Angelina Atyam’s daughter Charlotte was 14 years old when she and 138 other girls were abducted from their school in northern Uganda by the Lord’s Resistance Army, a notorious insurgent group led by Joseph Kony. Angelina and other parents prayed fervently, and she felt led by Scripture to forgive her enemies—the soldiers who were abusing her daughter. She began a campaign for forgiveness, proclaiming the power of God to enable us to forgive. But her daughter still remained captive, and Angelina wrestled with God: “Lord, are you changing?”
Like Angelina, Job brought his suffering before God and demanded answers. Job’s speeches are breathtaking in their boldness. Job insists on his integrity (27:5). He denounces the emptytheology of his friends: “How can you console me with your nonsense?

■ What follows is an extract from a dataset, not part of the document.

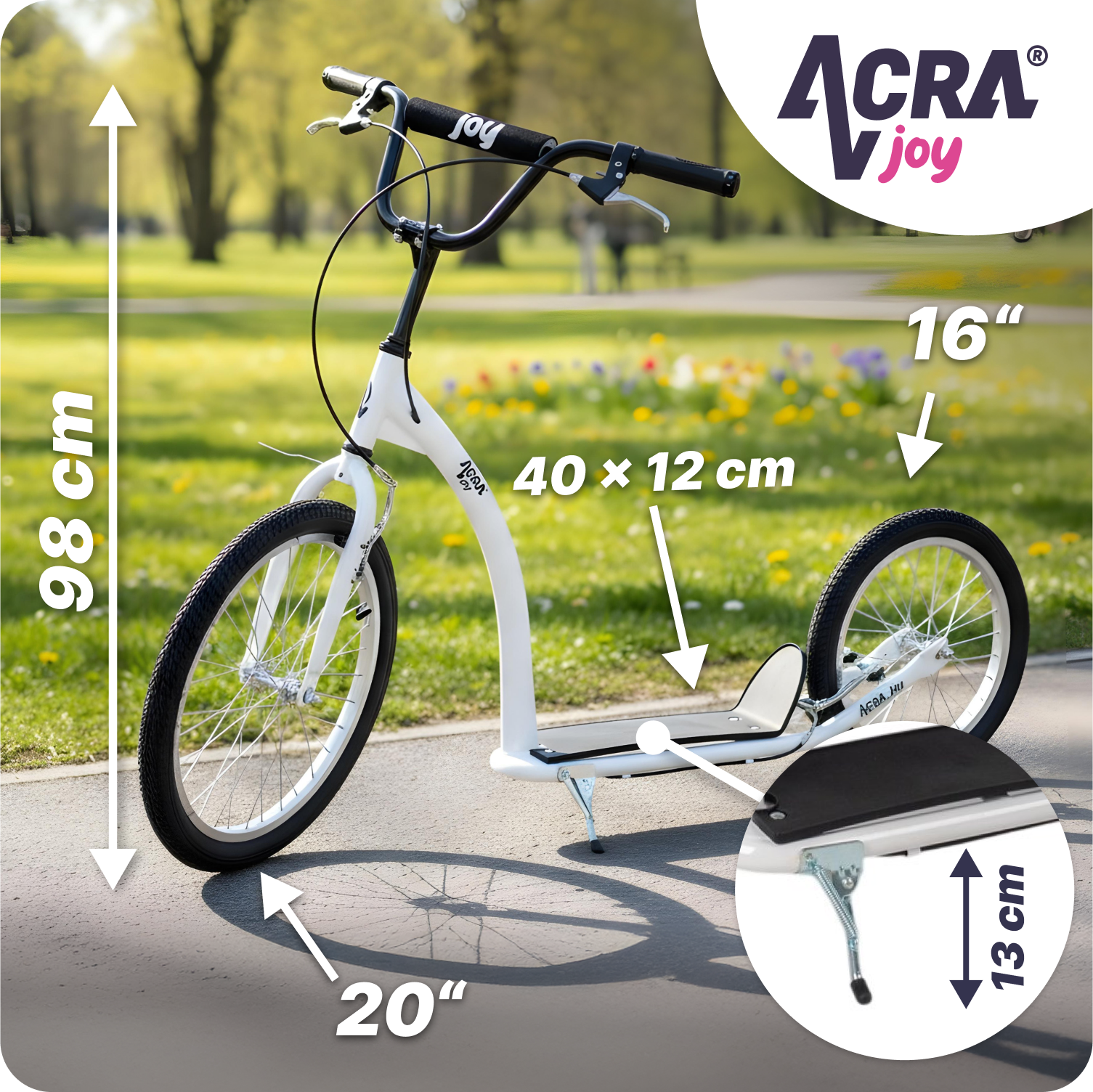 Koloběžka Acra Joy Aven je rychlá, sportovní, ideální pro jízdu po silnici, cyklostezce i v menším terénu. Je vhodná pro jezdce všech úrovní a je ideální nejen pro dojíždění do práce nebo školy, ale i pro zábavu a volný čas i pro výlety do terénu.
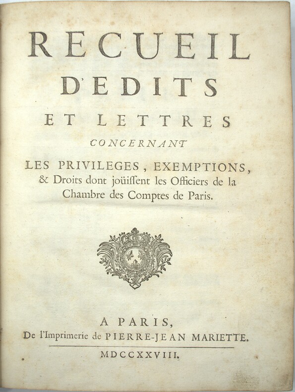 Recueil de 76 édits allant de Philippe de Valois à Louis XV. Ce recueil rassemble, sous forme continue, l’ensemble des édits, lettres patentes, déclarations, arrêts et règlements royaux qui définissent, encadrent et récapitulent les privilèges, exemptions et droits reconnus aux présidents, conseillers, auditeurs, greffiers et autres officiers de la Chambre des comptes de Paris, depuis l’Ancien Régime finissant des Valois jusqu’au début du règne de Louis XV. On y trouve notamment les textes relatifs aux exemptions fiscales (taille, aides, gabelles, droits seigneuriaux, corvées, logement des gens de guerre), aux prérogatives de rang et de préséance (dans les cérémonies, par rapport aux autres cours souveraines), aux garanties attachées à la vénalité et à l’hérédité des offices (modalités d’acquisition, de résignation, de survivance, droits des veuves et héritiers), ainsi qu’aux immunités de juridiction ou de police dont jouissent les officiers dans l’exercice de leurs fonctions. L’ouvrage constitue en pratique un code interne de la Cour des comptes parisienne, permettant aux officiers de disposer, dans un seul volume, des principaux actes normatifs qui fondent leur statut, leurs privilèges matériels et symboliques, et leurs rapports avec les autres institutions financières et judiciaires du royaume. P-Et1

Nothing is left of your answers but falsehood!” (21:34). Job directs his questions toward God, and after waxing on about his own righteousness he concludes, “I sign now my defense—let the Almighty answer me” (31:35). But God remains silent for seven more chapters.
We know from the very first verse that Job was truly righteous; he does not make an empty boast about his integrity. Why would God unleash this turmoil on him and his family? Why do the children of Christians end up enslaved and tortured while evil men like Joseph Kony roam freely?
One encouraging message from the book of Job is that the people of God are allowed to bring their questions and demands before Him. At the end of the book, God declares that Job’s friends have spoken falsely of Him, but not Job (42:7). And God does ultimately answer Job—perhaps not in the way he expected, but in a way that changed his entire outlook.